File systems not accessible through Infiniband
The central university storage is slower, but snapshotted and backed up much more regularly. Therefore users should transfer their data to the central systems for long tern storage.
However, there are multiple options of accessing the central university storage. There are the systems Atlas, Ebenezer, Isilon-DMZi, and Isilon-DMZe.
- What is the difference between Atlas, Ebenezer, and Isilon?
- What is the difference between Isilon-DMZi and Isilon-DMZe?
- How are user quota managed in central storage systems, and how can users see the usage limits?
The Isilon file system
Isilon is actually the name of the technical solution: https://www.dell.com/fr-fr/dt/storage/isilon/isilon-h5600-hybrid-nas-storage.htm#scroll=off
There are 2 central storage servers to Hyacithe's knowledge, which are operated by the SIU, the "isilon-prod" and "isilon-drs" (off site replica of "isilon-prod", in case of disaster on "isilon-prod").
The isilon-prod is split in (at least) two zones:
- the SIU zone, that accessed using SMB via
atlas.uni.lux
, and - the HPC zone, that is mounted in the clusters with NFS and can be accessed in
/mnt/isilon
.
For the HPC side, we are on;y interested about the NFS mounted file system. Documentation about Isilon: https://hpc-git.uni.lu/ulhpc/sysadmins/-/wikis/storage/isilon
-
The processes for the HPC zone are not well defined or documented. We can set up quota per project directory, but there's no way to show this information to the users. We are working on providing users with access to this information and setting up a policy for assigning quota.
-
We share the Isilon system with the SIU. There is a "fair use agreement" in place which allocated 2PB for the HPC zone, currently used at 88% of the full capacity. Maintaining access to the Isilon system is important moving forward, as the Isilon file system will be the only system unifying data access across our future clusters. We should participate in any future calls and coordinate with SIU.
-
In terms of performance, performance is abysmal with small random I/Os, for instance small files, metadata, etc. The Isilon NFS mount works well for administrative needs, like archiving and occasional data transfers, and even for big file I/O. But don't try to perform any compute driven operation on NFS mounted Isilon, like compile a software on it, or anything similar.
The Atlas file system
The SMB protocol allows for easy mounting of file systems on personal computers, including Windows machines.

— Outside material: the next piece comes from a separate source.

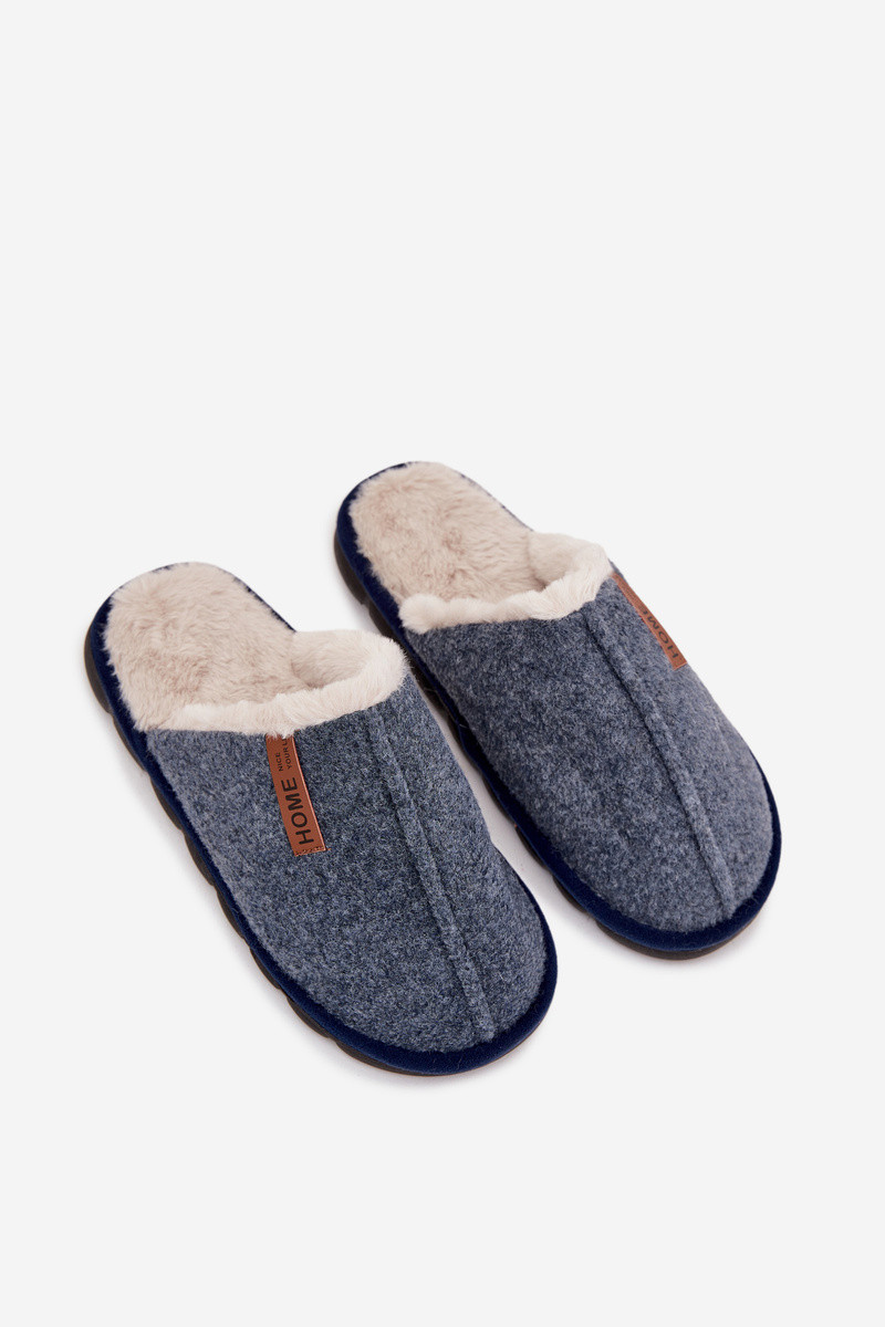 Vyriškos pašiltintos šlepetės su kailiuku viduje tamsiai mėlynos spalvos Darielle

The HPC team is not managing the file system exported through SMB from Atlas (atlas.uni.lux
). However, the HPC team maintains the smb-storage
script (under active development) that allows mounting SMB shares on the login nodes of our clusters.
Fun fact: you can access the HPC zone via samba on your workstation using your Active Directory credentials. This works via a fragile script to map windows/POSIX permissions and user accounts from the HPC-IPA to the SIU Active Directory. This was requested by LCSB Bio-core in 2014. The system still works but it is no longer supported. Honestly, if you are using linux you can get the performance of SMB with SSHFS: https://blog.ja-ke.tech/2019/08/27/nas-performance-sshfs-nfs-smb.html
Add some instruction on how to fix errors in access permissions
The discussion of data management is a bit unorganized. We should probably reorganize the sections and add some information on how users can fix their projects when errors occur.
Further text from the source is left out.